What is not really being talked about is corporate philanthropy. The term that is being used to a greater degree is called “inclusive business model”. This model seeks to encourage businesses to take their core business strengths and include the poor in the value chain. A main factor in the success of the model is that MDC’s are not a corporate hand out, it’s a viable distribution model that CCS, Coca-Cola’s bottling partner, relies upon. The MDC’s are accounting for over 80% of all product sales in over 5 countries throughout Africa.
MDC’s work well, and have also contributed to sales growth throughout areas of implementation in Africa. The centers allow for more efficient distribution in high density areas. Rather than wait for infrequent deliveries the supply chain brings small quantities of products to retailers a lot more frequently. In all, over 12,000 jobs have been created through the implementation of the MDC. Likewise total sales have risen to over $500 million per year. The total impact has a direct impact on almost 50,000 people when you consider the dependents of the distributors.

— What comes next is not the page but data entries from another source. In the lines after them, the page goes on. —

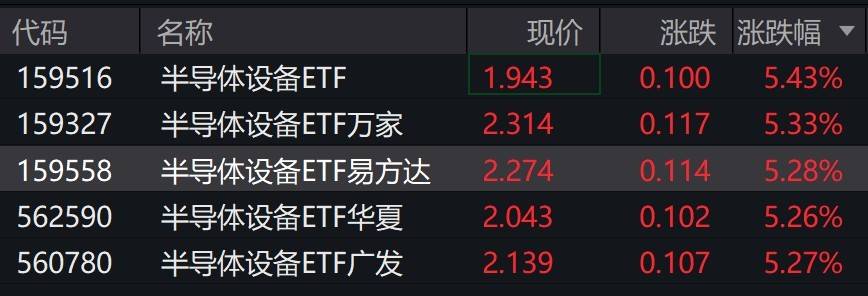 半导体概念股走强,拓荆科技涨超11%,沪硅产业、芯源微涨超6%,中微公司、华海清科涨超5%。 每日经济新闻 | 代码 | 名称 | 现价 | | 涨跌 涨跌幅 ▼ | | --- | --- | --- | --- | --- | | 159516 | 半导体设备ETF | 1.943 | 0.100 | 5.43% | | 159327 | 半导体设备ETF万家 | 2.314 | 0.117 | 5.33% | | 159558 | 半导体设备ETF易方达 | 2.274 | 0.114 | 5.28% | | 562590 | 半导体设备ETF华夏 | 2.043 | 0.102 | 5.26% | | 560780 | 半导体设备ETF广发 | 2.139 | 0.107 | 5.27% | 有分析表示,在AI浪潮和国产化大背景下,国内先进产线未来扩产需求持续存在,半导体设备作为晶圆代工扩张的基石, 同时是实现产业链自主可控的重要环节,国产半导体设备企业有望迎来发展机遇。 受盘面影响,半导体设备相关ETF涨超5%。 ...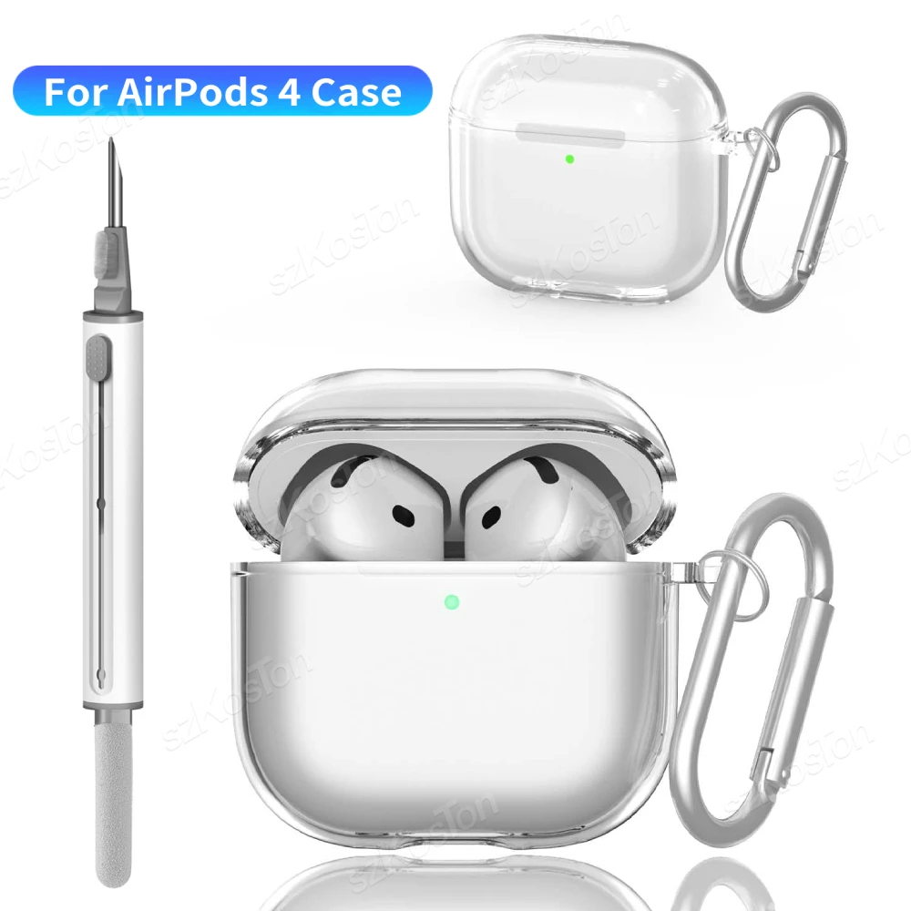 Comprar Funda transparente para auriculares AirPods 4, funda protectora transparente de TPU suave con Kit de limpieza, llavero para accesorios AirPods4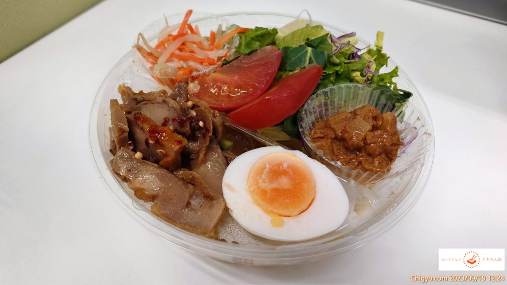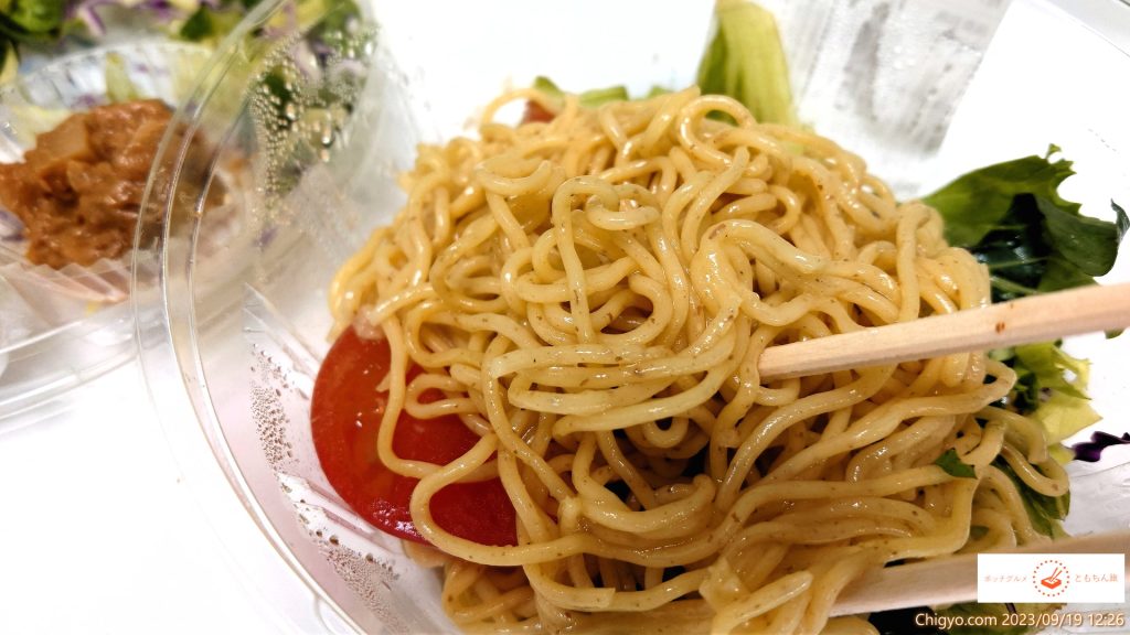 サラダだけ、という選択肢も迷いましたが、少しは炭水化物をということで、麺を選択しました。しっかりと、50円引きシールが貼られています。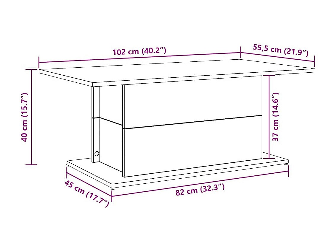 Table basse chêne sonoma 102x50x40 cm bois d'ingénierie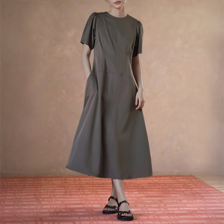 肩に施されたプリーツとパフスリーブが、女性らしい柔らかさを引き立てるAラインワンピース。後ろ姿はリボン結びのディテールで、女性らしさを際立たせます。落ち着きのある素材感と色味で、デイリーからオケージョンまでエレガントに映える一着です。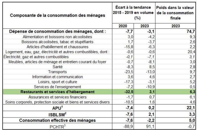Lecture : En 2020, la dépense de consommation finale des ménages en Restaurants et services d’hébergement est inférieure de 32,5 % en volume au niveau qui est obtenu en prolongeant la tendance observée entre 2015 et 2019 au point 2020. En 2023, elle est supérieure à cette même tendance prolongée (+3,1 %).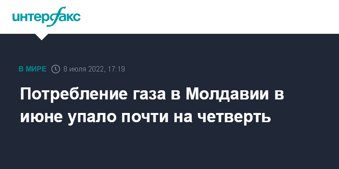 Москва. 8 июля. INTERFAX.RU - Объем потребления природного газа в Молдавии в июне 2022 года сократился на 23% по сравнению с аналогичным месяцем прошлого года и на 8,5% - по сравнению с маем текущего года, сообщила в пятницу пресс-служба АО "Молдовагаз".
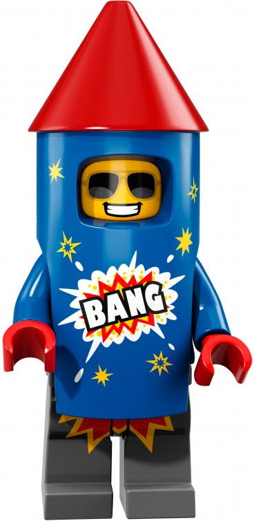 Mädchen im Elefantenkostüm, Mann im Anzug aus LEGO Steinen, Mädchen im Kostüm aus LEGO Steinen, Party-Clown, Pyrotechniker, Party-Mädchen, Mann im Drachenkostüm, Polizist von 1978 (sehr selten !), Junge im Spinnenkostüm, Tortenmann, Kaktusmädchen, Mädchen im Katzenkostüm, Rennwagen-Mann, Blumentopfmädchen, Mann im Cowboykostüm, Party-Junge und Einhorn-Mann.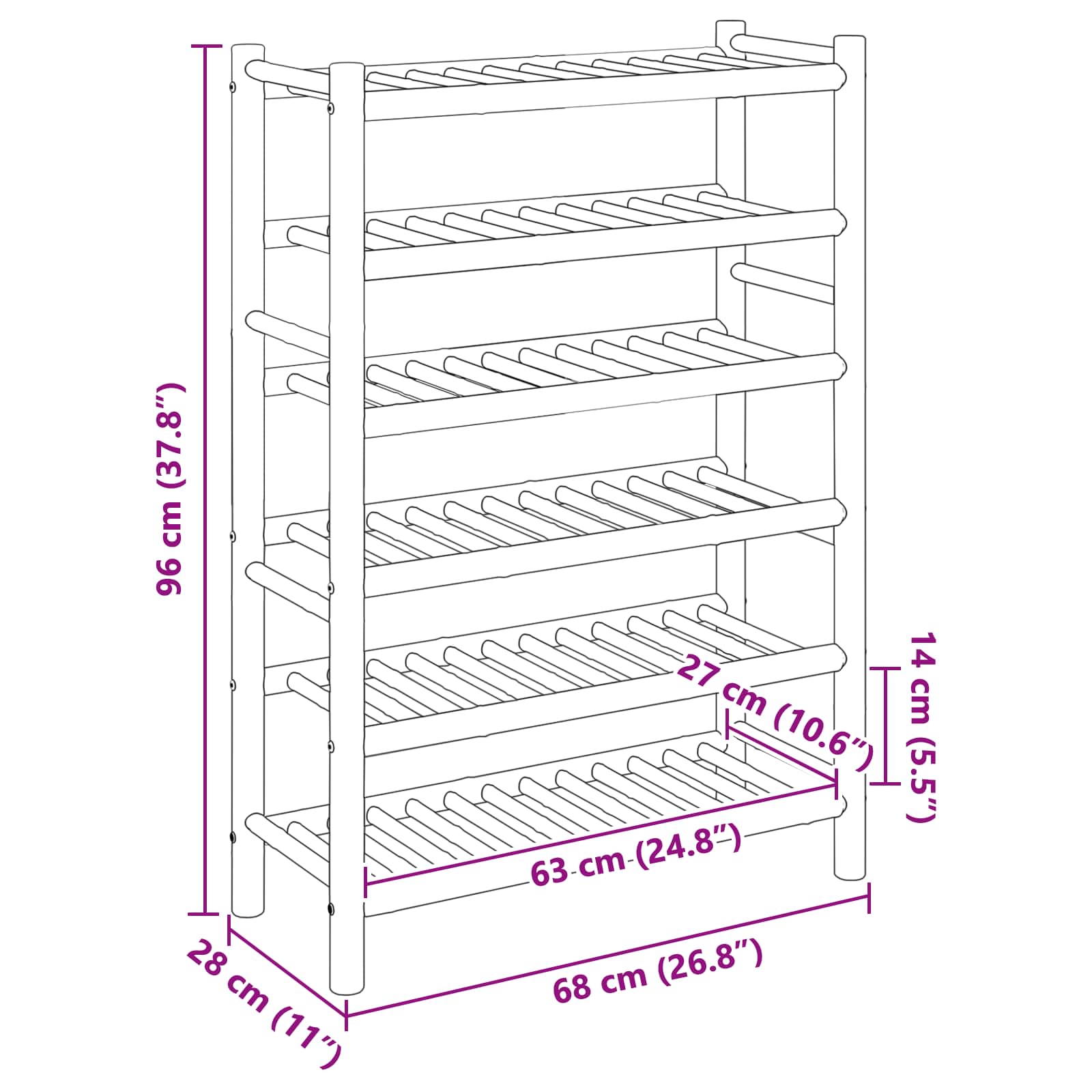 - Gesamtabmessungen: 68 x 28 x 96 cm (L x B x H)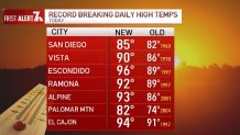 Compared to other March 18 temperatures the NWS keeps on record, several areas around San Diego County broke their records for heat on Wednesday. See those below: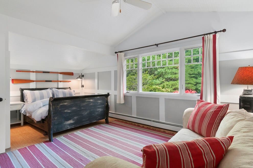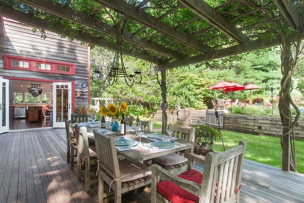 The interiors of this luxury house rental in East Hampton are designed with elegance and functionality in mind. The spacious living area welcomes you with plush seating and large windows that let in abundant natural light. The modern kitchen is fully equipped, perfect for preparing gourmet meals. Each of the three bedrooms boasts comfortable bedding and tasteful decor, ensuring a restful night’s sleep. With two well-appointed bathrooms, guests can enjoy privacy and convenience during their stay.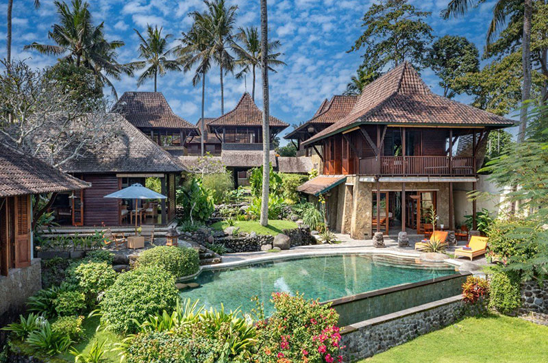 Villa Amaru is positioned in a peaceful tropical water garden and has four bedrooms connected by covered walkways. The air-conditioned bedrooms have ensuite bathrooms and decorated with a peaceful ambience.
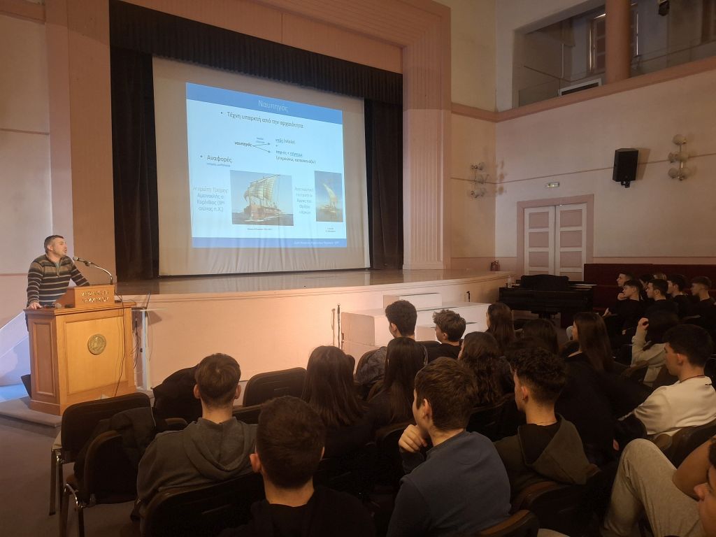 - Ο κ. Εμμανουήλ Αγγέλου, Επίκουρος Καθηγητής τής Σχολής Ναυπηγών Μηχανολόγων Μηχανικών του Εθνικού Μετσόβιου Πολυτεχνείου, παρουσίασε ενδελεχώς στους/στις μαθητές/τριές μας τις πολλαπλές εκφάνσεις και τη σπουδαιότητα τής εργασίας τού Ναυπηγού Μηχανικού, με άξονα τον σημαντικό ρόλο που διαδραματίζει η ελληνική ναυτιλία στην οικονομία της χώρας μας. Επίσης, αναφέρθηκε διεξοδικά στους τομείς σπουδών της Σχολής του, οι οποίοι περιλαμβάνουν τη Μελέτη Πλοίου και τις Θαλάσσιες Μεταφορές, τη Ναυτική και Θαλάσσια Υδροδυναμική, τη Ναυτική Μηχανολογία και τις Θαλάσσιες Κατασκευές.

Between the purchased product by the MDC and the retail price distributors earn a profit between 3-5% of the total sales amount and some MDC’s are using bonuses as well. The MDC’s are profitable and are a key driver for sales in Africa. What was not discussed in the report is the impact on poverty. Generally speaking, jobs that increase individuals income is a good thing. Owners of the MDC are not considered to be the poorest of the poor, rather they typically are considered to be middle class.
One barrier to expanding the impact to a broader soci0-economic base is the cost of starting and MDC. On average it costs the owner around $6-10,000 dollars dependent on the area that the MDC is being created. More research is needed to determine how the model can make an even greater impact on poverty. As for now the manual distribution model is off to a good start.